I've been a SAHM for 20 years. I remember those days of having younger kids and sometimes you just are done when your husband comes home. I remember just needing a few minutes of not having to be on every second. It doesn't mean that your wife isn't caring about her daughter when you are on baby duty- you are just giving her a break. You also get the great opportunity to spend some time with your daughter. Take her outside or play with her in another room for 30 minutes while your wife cooks dinner or cleans up or takes a bath or whatever. She will be grateful and feel recharged. Being a parent is a 24/7 job and sometimes you just need a moment when you don't have to be ON. Perfectly normal!


----------



## GettingIt_2 (Apr 12, 2013)

I remember being absolutely frazzled with our fist child, who was colicky and screamed pretty much all time time unless she was attached to my boob. One evening I asked my husband to take her so I could take a shower in peace. 
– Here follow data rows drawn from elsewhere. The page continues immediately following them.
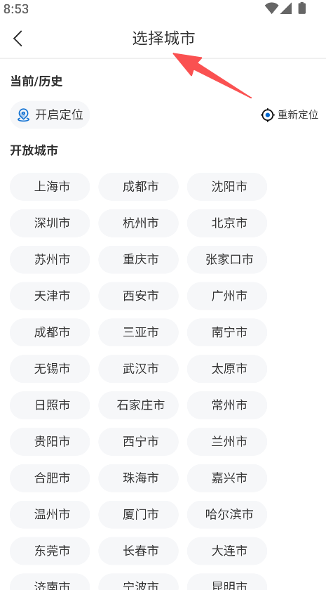 1、打开忆悦到家选择城市页面,选择目标城市。
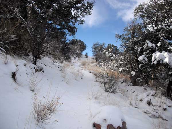 One of the down sides to hiking in the snow is there isn't any place to sit down and rest. There isn't even any place to put down your pack while you rummage through it looking for water. The up side is that you don't need much water, and a mouth full of snow will hold you for quite a while. Hiking that trail in the summer, that same mouth full of snow would be a highly prized commodity. |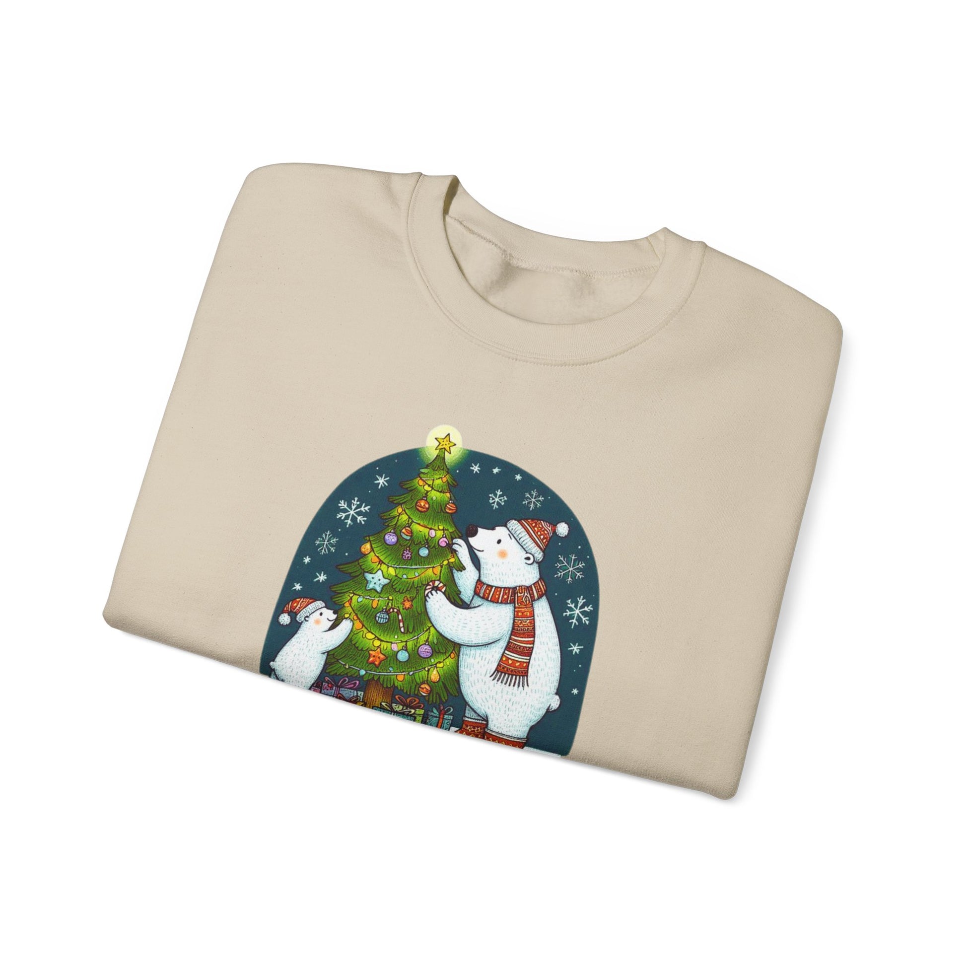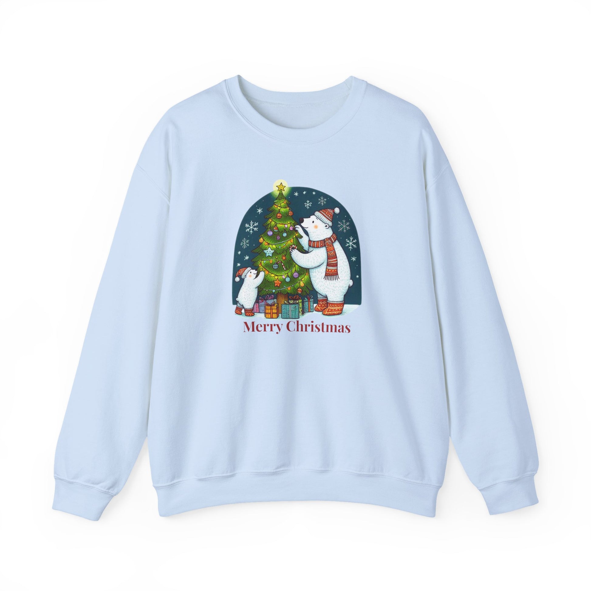 Celebrate the magic of the season with this Merry Christmas Polar Bear Sweatshirt. Featuring two polar bears decorating a glowing Christmas tree surrounded by gifts, this design captures the warmth, joy, and wonder of holiday traditions.

He stood outside the open bathroom door so I could hear her screaming and hurry up . . . 

:banghead:


----------



## Lyris (Mar 29, 2012)

One of the times I love my husband the most is when I'm having a (rare) afternoon weekend nap and I hear him outside the bedroom door saying "come away from there girls, mummy's trying to rest".


----------



## CarlaRose (Jul 6, 2014)

I'm hoping you found everyone's assistance helpful, but I don't understand why you took offense to her request.


----------



## murphy5 (May 1, 2014)

1st kid, right? she is in the mode of "we have to watch the kid every second or it will break". 

That's what dads are for, to let the kid off the leash a little....especially if it is a boy. Next time hop in the car and go to a playground and let the kid run a little. Play with other kids. Be a dad, not a substitute mom


----------



## Wiltshireman (Jan 23, 2013)

My wife tells me that whenever she is in the room with under 5's she is constantly "on duty" looking out for them and catering to their needs even when there are other adults (myself or our daughters 17 / 18) there with her. For her to be able to truly "turn off" the kids need to be supervised IN ANOTHER ROOM, not a problem for me as I am happy to sit down on the mat in the story corner of the playroom and read "Thomas the Tank Engine" yet again.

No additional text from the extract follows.